In your opinion, what is the best kind of farm not to rear pigs on, and which is the best breed of pigs not to rear? I want to be sure I approach this endeavour in keeping with all government policies, as dictated by the EU under the Common Agricultural Policy.

I would prefer not to rear bacon pigs, but if this is not the type you want not rearing, I will just as gladly not rear porkers. Are there any advantages in not rearing rare breeds such as Saddlebacks or Gloucester Old Spots, or are there too many people already not rearing these?

As I see it, the hardest part of this programme will be keeping an accurate record of how many pigs I haven't reared. Are there any Government or Local Authority courses on this?

My friend is very satisfied with this business. He has been rearing pigs for forty years or so, and the best he ever made on them was £1,422 in 1968. That is - until this year, when he received a cheque for not rearing any.

If I get £3,000 for not rearing 50 pigs, will I get £6,000 for not rearing 100? I plan to operate on a small scale at first, holding myself down to about 4,000 pigs not raised, which will mean about £240,000 for the first year. As I become more expert in not rearing pigs, I plan to be more ambitious, perhaps increasing to, say, 40,000 pigs not reared in my second year, for which I should expect about £2.4 million from your department. Incidentally, I wonder if I would be eligible to receive tradable carbon credits for all these pigs not producing harmful and polluting methane gases?

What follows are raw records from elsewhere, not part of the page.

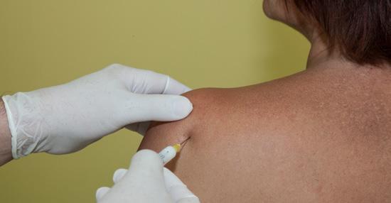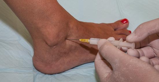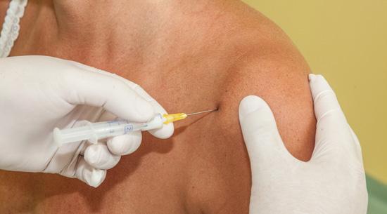 • Aplikace léčiva jehlou zavedenou pod úhlem proximálním směrem, tangenciálně ke šlaše dlouhé hlavy bicepsu v sulcus bicipitalis pažní kosti při tendinitidě šlachy. Pozor na poškození šlachy.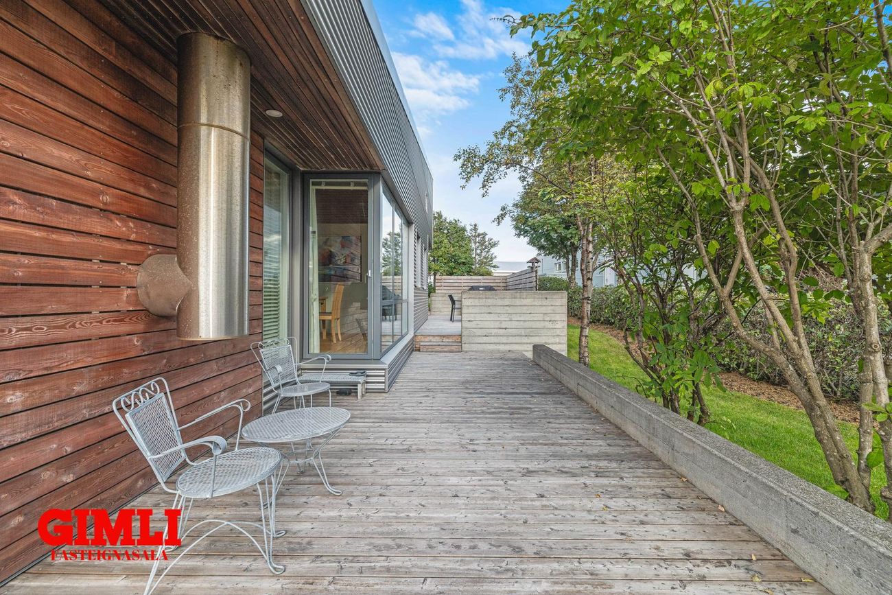 Garðurinn er sérlega fallegur og auðveldur í umhirðu. Verandir og skjólveggir úr Lerki (harðviður sem ekki þarf að bera á)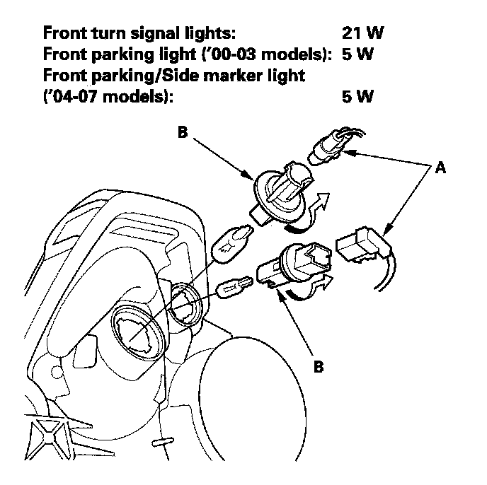 Front Turn Signal Light, Front Parking Light ('00-03 models), Front Parking/Side Marker Light ('04-07 models)1. Remove the inner fender.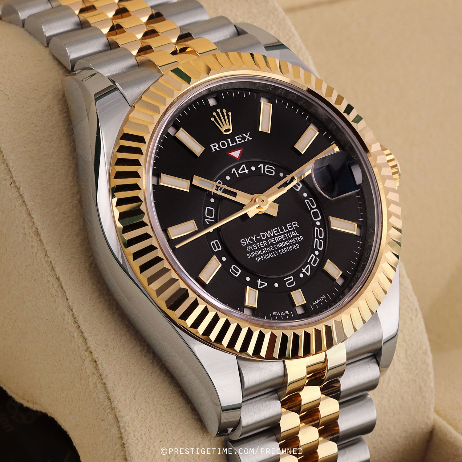 Case: Polished stainless steel case. Polished 18kt yellow gold fluted bezel & Twinlock screw-down crown. Black dial. Applied yellow gold index hour markers with luminous fill. Printed minute/seconds track on the dial perimeter. Polished yellow gold hands. Partially skeletonized minute & hour hands so not to obscure the dual time. Hour & minute hands with luminous filled tips. Features:

Another point: These pigs that I plan not to rear will not eat 2,000 tonnes of cereals. I understand that you also pay farmers for not growing crops. Will I qualify for payments for not growing cereals to not feed the pigs I don't rear?

I am also considering the "not milking cows" business, so please send any information you have on that too. Please could you also include the current Defra advice on set aside fields? Can this be done on an e-commerce basis with virtual fields (of which I seem to have several thousand hectares)?

In view of the above you will realise that I will be totally unemployed, and will therefore qualify for unemployment benefits. I shall of course be voting for your party at the next general election.